Life is precious; which means people should do everything they can to enjoy their lives as well as do everything they can to preserve them. However, no matter how much people do to avoid sickness and risky situations, nobody in Maryland in can avoid death forever. This means it can be important for people to begin estate planning as soon as possible, which can help avoid future problems for heirs, such as having to go to probate court.
When a person dies without an estate plan, they risk the chance of their intended heirs not being able to receive their assets. Without an estate plan, a probate judge will decide how to administer assets included in an individual's estate. This will force heirs to engage in the probate process which can be expensive and can also cause a loss of privacy. Many times, heirs will challenge each other in probate court in order to control one's estate assets.
However, avoiding probate is not the only good reason to begin planning an estate as soon as possible. Lack of a solid estate plan can also expose one's assets to the inheritance tax. Although the inheritance tax is currently set at a relatively high level, this can change at any time in the future when Congress is looking to increase tax revenue for government expenditures. Therefore, it will be necessary to continue to update one's estate plan in order to take into consideration the latest changes in estate tax laws.

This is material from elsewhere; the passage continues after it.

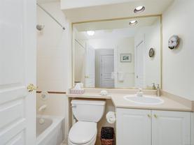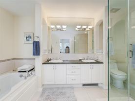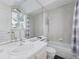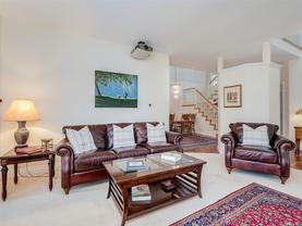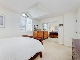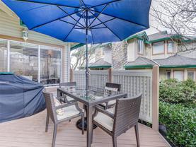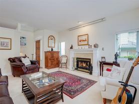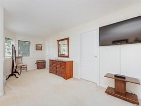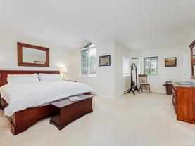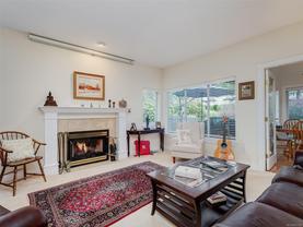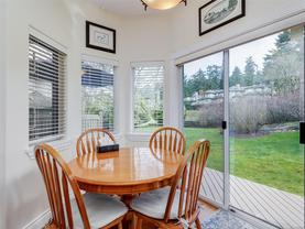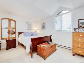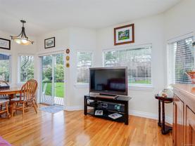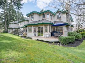 ROYAL LINKS SOUTH EXECUTIVE TOWNHOUSE. Featuring a flexible 3 bed, 3 bath floorplan that includes a primary bedroom on both levels or use lower bedroom as a den. The 9' ceilings allow for natural light in this bright and airy home with beautiful hardwood floors in main living areas. Entertain in the spacious living room with n/g fireplace and projector and screen for entertainment next to the dining area. A well laid out kitchen with marble counters & updated appliances opens to the family rm to enjoy great views of the lush green space & access to a patio. Upstairs presents the main primary bed w/vaulted ceilings, w/i closet, luxury sized updated ensuite, jetted soaker tub & separate shower plus 2nd bedroom with it's own 4 pce ensuite, plus laundry complete this level. Additional features include a double garage, crawl space, n/g furnace & hot water tank. Ideally located just steps from Elk/Beaver Lake park and 10 km trail that circumnavigates the entire lake, recreation, shopping, public transit, easy access to downtown Victoria, airport & ferries.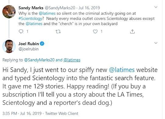 Rubin’s condescending response was so galling not only because he seemed unaware of what Sandy was talking about, but that he answered questions about the Times’ current lack of Scientology coverage by pointing her to heroic work Joel Sappell did thirty years ago.

If an individual has not begun his or her estate planning, that person may wish to initiate the process right away in order to avoid probate court and tax liabilities in Maryland or in any other state. Also, if a person already has an estate plan in place, he or she should make sure to update it periodically. However, if heirs do find themselves in the middle of a probate court battle, they may seek to obtain knowledge of the applicable laws in order to present a strong legal argument to prove why they should receive their loved ones' assets.